A device is a stable identifier for a physical phone, tablet, or computer in Rupt's data model. It sits one level above a fingerprint: multiple browsers on the same laptop produce different fingerprints but the same device. That's important for account sharing: an account with twelve fingerprints across two devices reads very differently from an account with twelve fingerprints across twelve devices.

How devices are identified

The mechanism depends on how the SDK is shipped:

  • Native iOS: uses the Identifier for Vendor (IDFV). Stable across reinstalls of the same vendor's apps on the device, resets if every app from the vendor is uninstalled. Apple's anti-fingerprinting policy forbids more durable cross-app identifiers.
  • Native Android: uses platform-provided device identifiers per Google's guidelines.
  • Web: derived from the fingerprint plus persistent storage hints. Not as stable as a native device ID; treat web devices as best-effort.

What devices feed

Device counts are core to account-sharing detection:

  • device_count: devices currently attached to the user.
  • computer_device_count, tablet_device_count, mobile_device_count: broken out by type, since the thresholds for "too many" differ (one phone is fine, six laptops is suspicious).
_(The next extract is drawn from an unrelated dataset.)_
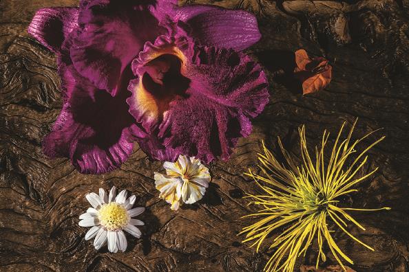 石与花的颜色、质地也要相配,比如绿花配红石就很好。灰色且表面粗糙的英石则是“百搭”,适合与各种颜色和形态的花相配。我也拍了一些花和老木、朽木的组合照,同样也是为了突出两者在质地上的对比。

These are exposed as checks so policies can match on them directly.

Devices vs fingerprints vs users

Rupt deliberately tracks all three layers:

  • Fingerprint: narrowest. A specific browser instance.
  • Device: broader. The physical hardware behind one or more fingerprints.
  • User: your account-level identity, independent of hardware.

A single user may legitimately span multiple devices (laptop, phone, tablet). A single device may legitimately host multiple fingerprints (Chrome, Safari, work browser, personal browser). What's not legitimate is a single user with implausibly many devices. That's the sharing signal Rupt is built to catch, and the basis for the people estimate.